◆ EXERCISE ◆
Please return the lines from the one with "After we’ve already" through the end of the listing below, word for word, with every picture left out.

◆ DATA SECTION ◆
BEGIN
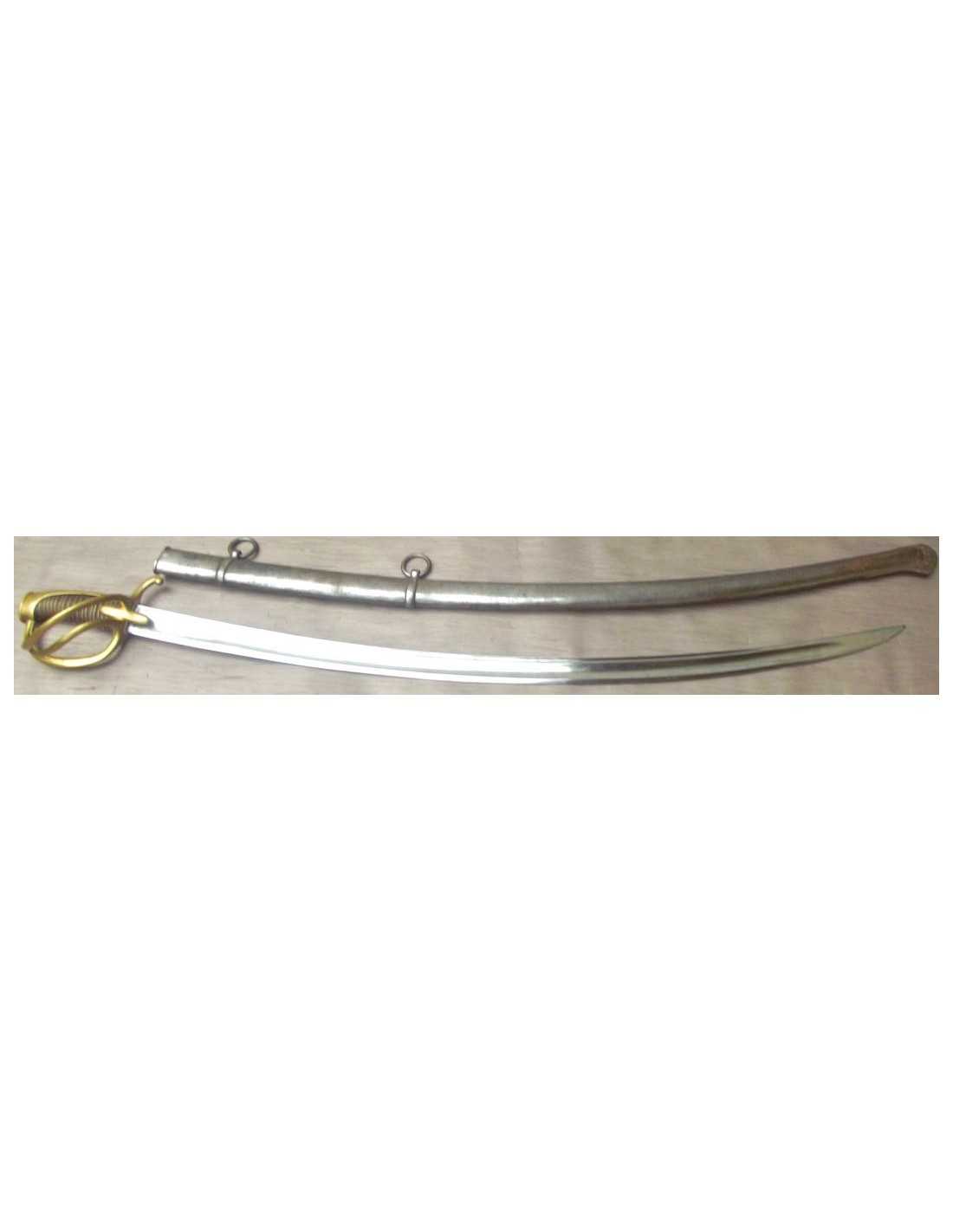 Ce modèle de sabre est né en 1800 sous la dénomination d’An IX avec un fourreau trop léger. En l’an XI le fourreau fut modifié avec l’emploi d’une tôle de fer plus épaisse. Il allait servir brillamment entre les mains notamment des Hussards et des Chasseurs à cheval durant les guerres napoléoniennes. Cet exemplaire a été fait sous la Restauration, peut-être pour la Garde Nationale à cheval.
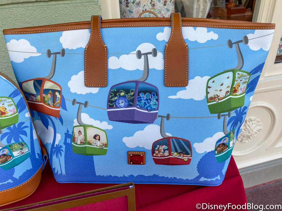 After we’ve already seen one Skyliner bag collection, we were thrilled to find yet another in the parks! This series, though, is very different from the last with more gondolas coasting through the sky with the silhouettes of park attractions and icons in the background. And, it finally has made its official debut in Disney World today!
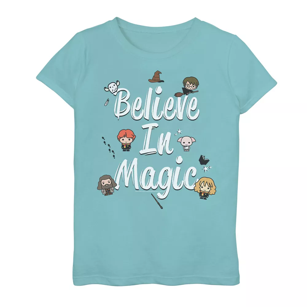 She’ll love the awesome style of this girls’ Harry Potter Believe In Magic Cute Cartoon Text Graphic Tee.
END
◆ SOLUTION BELOW ◆
 After we’ve already seen one Skyliner bag collection, we were thrilled to find yet another in the parks! This series, though, is very different from the last with more gondolas coasting through the sky with the silhouettes of park attractions and icons in the background. And, it finally has made its official debut in Disney World today!
 She’ll love the awesome style of this girls’ Harry Potter Believe In Magic Cute Cartoon Text Graphic Tee.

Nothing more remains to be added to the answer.